MN House Republicans: Black lives don’t matter

Cities support Forum’s 5-Point Plan as GOP legislators ignore it


(l-r) Jeff Hassan, Chris Tolbert (to the left of Coleman), and St. Paul Mayor Chris Coleman (Photo by Charles Hallman/MSR News)
(l-r) Jeff Hassan, Chris Tolbert (to the left of Coleman), and St. Paul Mayor Chris Coleman (Photo by Charles Hallman/MSR News)

With the Minnesota State Legislature’s 2016 session slated to end next week, the issue of addressing economic inequality among its state citizenry of color may once again be ignored.
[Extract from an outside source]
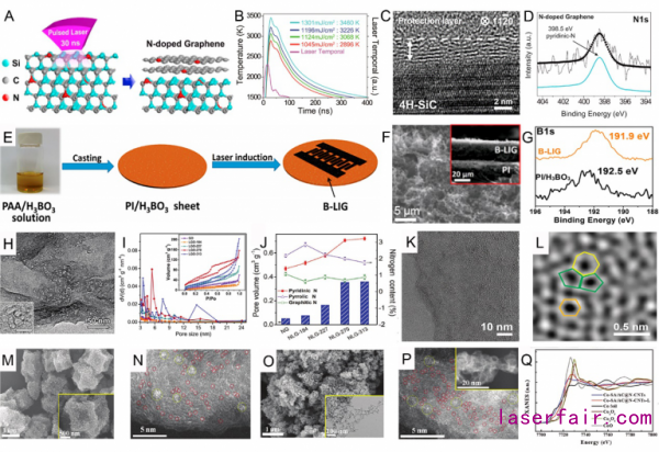 (A-D)激光誘導外延生長N摻雜石墨烯。

This contrasts sharply with the consensus at other levels of government that the issue requires immediate, urgent attention.

According to U.S. Census data, there’s a nearly $50,000 gap in median annual incomes between Black families ($33,900) and White families ($81,500), and over $35,000 between Black families and Asians ($71,500).

“It became a wake-up call for us to do something,” said African American Leadership Forum Executive Director Jeff Hassan of his group’s 5-Point Plan that was conceived late last year.

The plan includes:

  1. Hiring in public and private sectors “that reflects the racial diversity” in the state, county, cities and school districts
  2. Black businesses getting a fair share of public and private contracts
  3. State legislation to end economic inequality
  4. “Equitable investments” in the Black community by state-based philanthropic organizations
  5. An annual report card created jointly by Black organizations, public, private and philanthropic sectors “to set goals and measure if what we are doing achieves results,” said Hassan last week during a May 11 press conference at St. Paul City Hall.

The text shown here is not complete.